[Material provided — start]

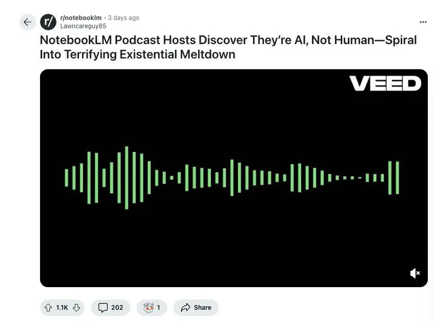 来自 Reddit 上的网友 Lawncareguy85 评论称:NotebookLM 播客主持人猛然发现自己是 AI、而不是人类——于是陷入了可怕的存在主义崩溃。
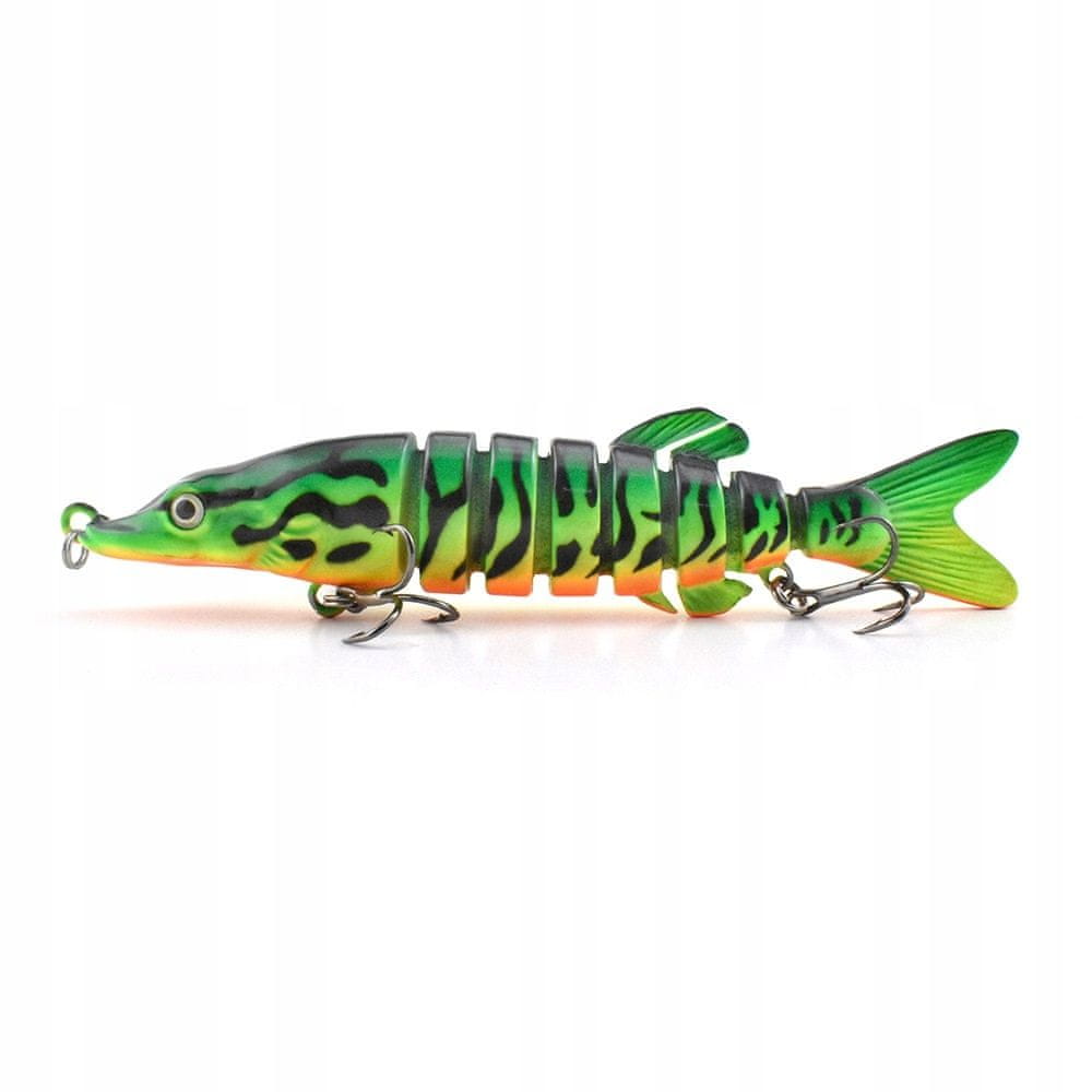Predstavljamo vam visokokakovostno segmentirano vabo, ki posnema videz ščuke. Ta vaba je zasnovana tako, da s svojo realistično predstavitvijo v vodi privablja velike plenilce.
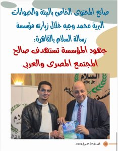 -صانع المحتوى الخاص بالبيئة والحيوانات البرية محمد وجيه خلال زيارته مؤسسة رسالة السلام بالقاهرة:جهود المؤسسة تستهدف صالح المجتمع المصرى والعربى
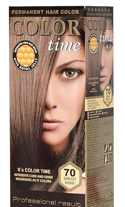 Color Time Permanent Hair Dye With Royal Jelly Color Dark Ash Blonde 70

[Material provided — finish]

Instructions for the task:
Your copy of the listing should match it exactly, apart from the pictures, which are left out.

Written response:
 来自 Reddit 上的网友 Lawncareguy85 评论称:NotebookLM 播客主持人猛然发现自己是 AI、而不是人类——于是陷入了可怕的存在主义崩溃。
Predstavljamo vam visokokakovostno segmentirano vabo, ki posnema videz ščuke. Ta vaba je zasnovana tako, da s svojo realistično predstavitvijo v vodi privablja velike plenilce.
 -صانع المحتوى الخاص بالبيئة والحيوانات البرية محمد وجيه خلال زيارته مؤسسة رسالة السلام بالقاهرة:جهود المؤسسة تستهدف صالح المجتمع المصرى والعربى
 Color Time Permanent Hair Dye With Royal Jelly Color Dark Ash Blonde 70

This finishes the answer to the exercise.